### SUPPLIED RECORDS
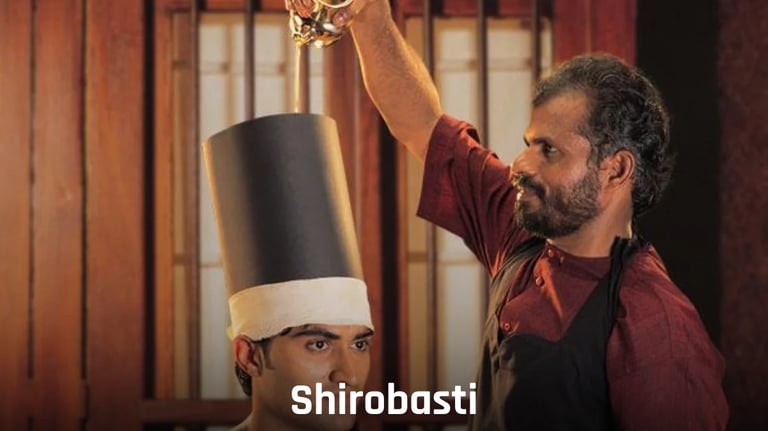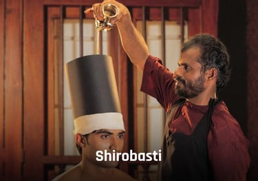 Shirovasti is for the treatment of ear issues and Vata-based damage to the cranial nerves. For this, a leather sleeve placed on the shaven head of the patient is fixed in place with kneaded dough, and oil is poured continuously into it.
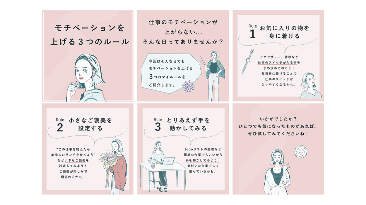 お仕事でモチベーションが上がらない時の3つのマイルールについてのバナーを作成しました。
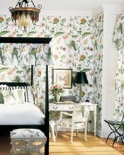 樹林之聲 紛繁富麗的墻布令人感覺仿佛走進(jìn)野花遍地的樹林,林中蕭蕭的樹葉聲中傳來清幽的鳥鳴,黑胡桃木的床好象就擺在樹林中,白色的床罩和黑白條紋的靠枕簡(jiǎn)潔而理性,與漂亮的墻布形成鮮明而生動(dòng)的對(duì)比。
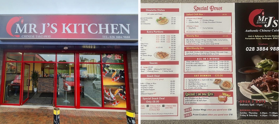 Welcome to Mr J's Kitchen, your go-to destination for delicious Chinese takeaway in Craigavon. Located conveniently at the Ballymore Filling Station, we offer a variety of mouthwatering dishes including our popular salted chilli chips, tender ribs, and savory chow mein. Whether you're in the mood for a quick bite or a cozy dine-in experience, our casual atmosphere and friendly service ensure you'll have a delightful meal. Enjoy no-contact delivery or take advantage of our free street parking. With prices ranging from £10–20, savor the authentic flavors of Asia without breaking the bank. Join us any day of the week for a tasty treat!The salted chilli chips steal the spotlight, highly praised for their crunch and flavor. Regulars consistently rave about the ribs drenched in savory gravy, making them a must-try. Chicken balls are another favorite; they pair perfectly with sweet and sour sauce, establishing their reputation for offering quality dishes. Fans appreciate the restaurant's extensive menu, which includes unique items like ramen among the more typical Chinese fare. Regulars commend the generous portion sizes, ensuring no one leaves hungry. Friendly service completes the experience, showing the staff's dedication to customer satisfaction.
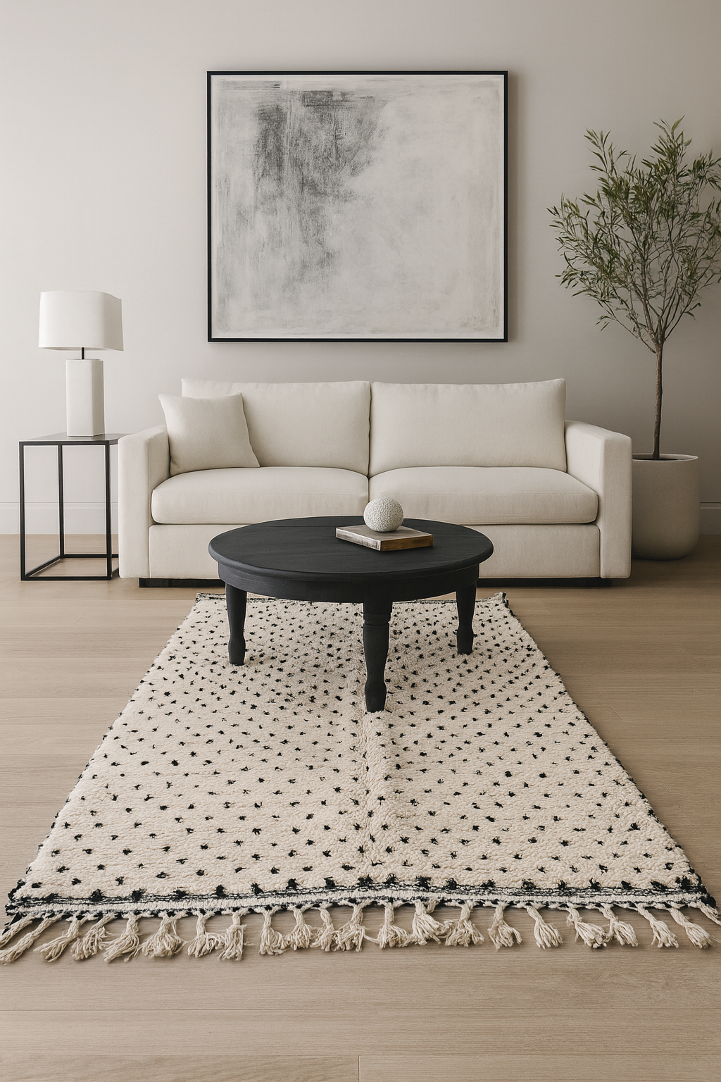 A luminous Beni Ourain composition from the Middle Atlas, defined by its ivory ground dispersed with charcoal tuft “constellations.” The restrained, all-over field reads like night snow under starlight—quiet, graphic, and profoundly architectural. A banded selvedge and hand-twisted fringe anchor the piece with traditional Amazigh finishing.

### ACTION ITEM
Please print, exactly as given, the lines running from the beginning of the listing through the line containing "樹林之聲 紛繁富麗的墻布令人", omitting each picture.

### COMPLETED EXERCISE
 Shirovasti is for the treatment of ear issues and Vata-based damage to the cranial nerves. For this, a leather sleeve placed on the shaven head of the patient is fixed in place with kneaded dough, and oil is poured continuously into it.
 お仕事でモチベーションが上がらない時の3つのマイルールについてのバナーを作成しました。
 樹林之聲 紛繁富麗的墻布令人感覺仿佛走進(jìn)野花遍地的樹林,林中蕭蕭的樹葉聲中傳來清幽的鳥鳴,黑胡桃木的床好象就擺在樹林中,白色的床罩和黑白條紋的靠枕簡(jiǎn)潔而理性,與漂亮的墻布形成鮮明而生動(dòng)的對(duì)比。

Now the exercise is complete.